SORU: Koyun ve keçilerin bulaşıcı agalaksisi (süt kesen) hastalığı belirtileri nelerdir?


CEVAP: Hastalığın ilk bulguları beden ısısında artış, durgunluk gibi genel bulgulardır. Bu devre kısa olduğundan klinik kontrolde göze çarpmayabilir. Ateşli devrenin sonunda gözlerde, memelerde, eklemlerde ısı artışı, şişkinlikler ortaya çıkabilir. Genellikle en çok etkilenen doku meme dokusudur. Memeler yumuşar, hacim olarak küçülür, süt verimi aniden düşer. Süt pıhtılı sarıboz renktedir. ilerleyen günlerde süt tamamen kesilir. Süt verimindeki düşüşe bağlı ekonomik kayıp şekillenir. Hastanın iştahı normaldir genel durumu pek fazla bozulmaz. Fakat hastalar göz ve eklem şekli yüzünden merada rahatça dolaşıp beslenemediğinden zayışarlar. Göz formunda gözler kızarık ve ödemlidir. Göz bulanık yapıda ve sümüksü koyu sarı renkte bir gözyaşı akıntısı vardır son dönemde gözde irinli bir yangı oluşur ve hayvanda görme kaybı meydana gelir. Eklem formunda, hayvanlarda yaygın toplalık, eklemlerde şişkinlik, sıcaklık ve ağrı dikkati çeker.

#34

SORU: Psoydotuberküloz (Yalancı Verem) nasıl bulaşır?

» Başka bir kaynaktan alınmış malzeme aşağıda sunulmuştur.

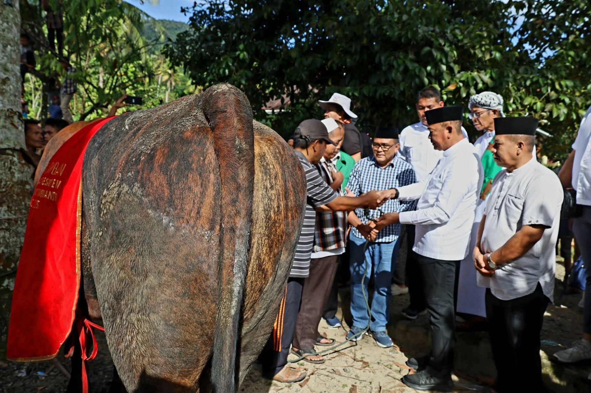 Sapi jenis Simental itu diserahkan kepada panitia kurban kelurahan tersebut dengan disaksikan oleh tokoh agama, tokoh masyarakat, dan warga yang hadir. Tak hanya itu, Bupati Saipullah juga menyerahkan satu ekor kurban atas nama keluarga.

CEVAP: Mikrop hasta hayvanlardaki irinli odakların dışa açılması sonucu çevreye yayılır. Açık yaralar toprakla veya bulaşık atlıkla temas haline geldiğinde mikrop bulaşabilir. Göbek kordonu ile de bulaşma olabilir. Bulaşmada asıl önemli olan faktör insandır. Kuzularda kuyruk kesme, kulakta çentik açarak hayvanları işaretleme, küpe uygulama, açık kısırlaştırma ve kırkım işlemleri ile bulaşma meydana gelebilir. Kırkım yapılmış olan koyunların kırkım yaraları iyileşmeden kene banyolarına sokulacak olursa yine hastalık bulaşabilir.

#35

SORU: Keçi ciğer ağrısı hastalığının belirtisi nelerdir?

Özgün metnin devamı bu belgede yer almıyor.